In this analysis I am limiting myself entirely to test score data so IQ estimates based on ethnic composition or educational achievements of various economic classes are only occasionally mentioned to buttress the actual psychometric results. In several cases, the data is somewhat anecdotal, and speculative statistical inferences are sometimes made.
For each economic class, I provide two normalized Z scores; one measuring the median financial success, and one measuring the mean or median cognitive ability. The normalized Z scores are just measures of where each economic class ranks (in financial success or IQ) compared to a reference group (in this case U.S. adults in general, or U.S. adults of a specific age). For example a Z of +2.33 means you’re in the top 1%, and a Z of -2.33 means you’re in the bottom 1%. A Z of 0 means you’re right in the middle, etc.
THE HOMELESS: Mean IQ 83 (U.S. norms); IQ 80 (U.S. white norms)
Median financial success: 0.09 percentile of U.S. adults (normalized Z = -3.13)
In 2015, roughly 423,750 American adults were homeless on a given night: One in 572 American adults (0.17%). Thus it can be estimated that the median homeless person is financially in the bottom 0.09%
Median cognitive ability: 12.8 percentile of U.S. adults (normalized Z = -1.17)
A 2004 study found that 90 homeless men living in a large shelter in Milwaukee, Wisconsin, had a mean WASI full-scale IQ of 83.92 (standard deviation = 15.24). The WASI was published in 1999, and this study was published in 2004, so we should subtract 1.5 points for old norms which are thought to expire at a rate of 0.3 points a year (the Flynn effect), so the homeless likely have a mean IQ of 82.5 (U.S. norms) or about 80 (U.S. white norms).

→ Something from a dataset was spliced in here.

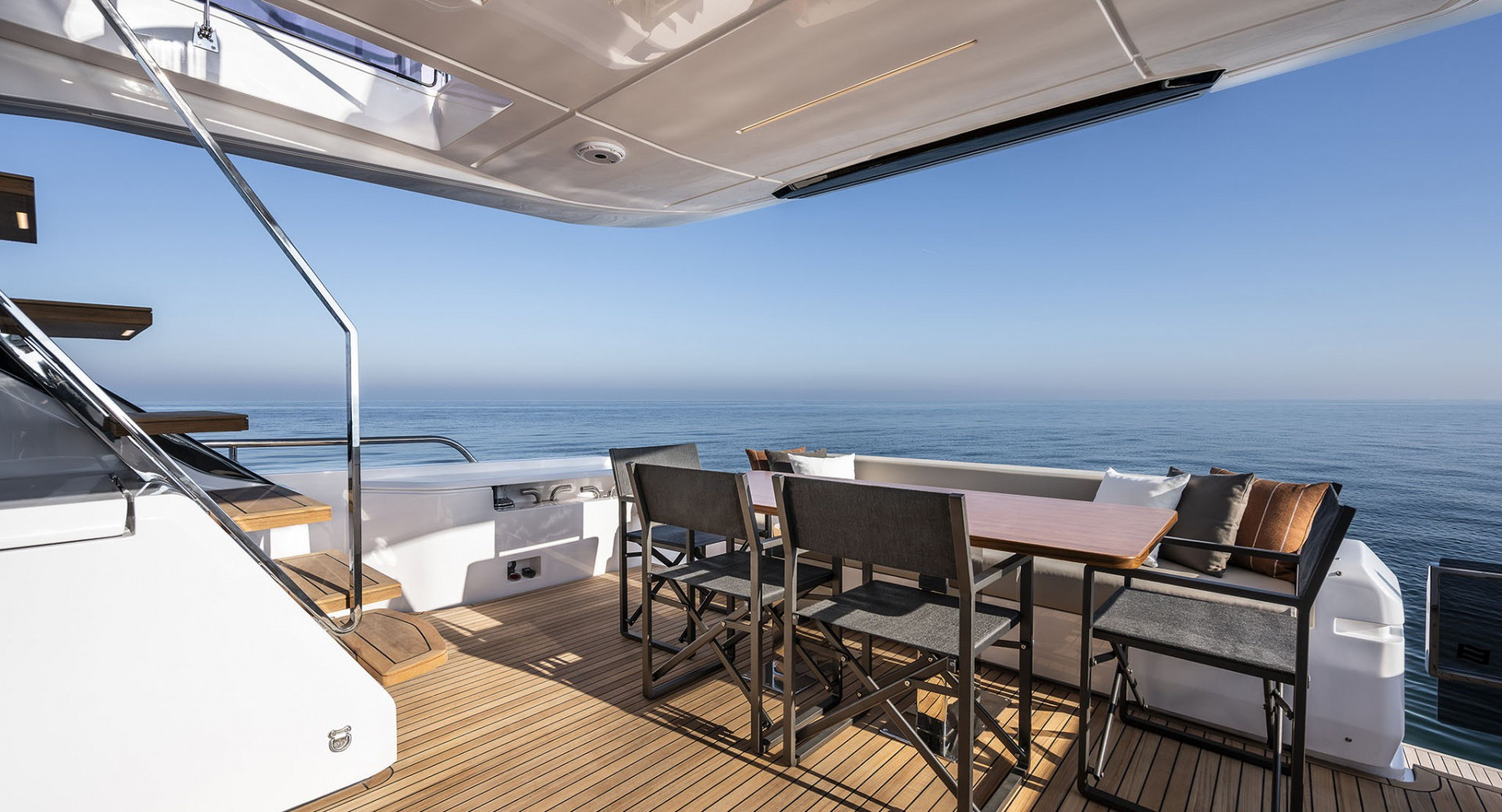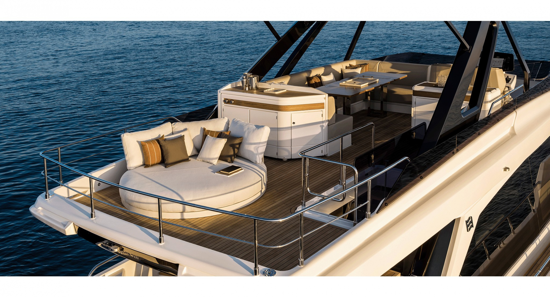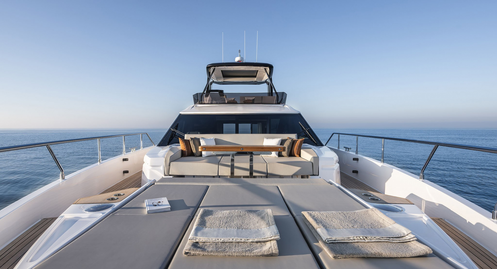Просторный флайбридж c хардтопом, грилем и обеденной зоной, позволил оставить место под свободностоящую мебель и организовать ложу для загара во всю ширину верхней палубы. Носовая часть яхты продумана до мелочей и может похвастаться обеденной зоной, а также лежаками для загара с мягкой влагостойкий обивкой.

One problem with this study is that 81% of the sample was black (much higher than the 45% among homeless Americans in general) and these tend to score lower on IQ tests, at least in the general population, however a UK sample of homeless obtained virtually identical scores on the WASI, despite being 96% white.
In the UK study, the WASI full-scale IQ distribution of the homeless has a mean of 84.3. In this study, published in 2011, the WASI norms were by now even more outdated, so we should probably subtract 3.6 points for old norms, so this homeless sample have a mean IQ of 80.7 (U.S. norms) or about 78 (U.S. white norms).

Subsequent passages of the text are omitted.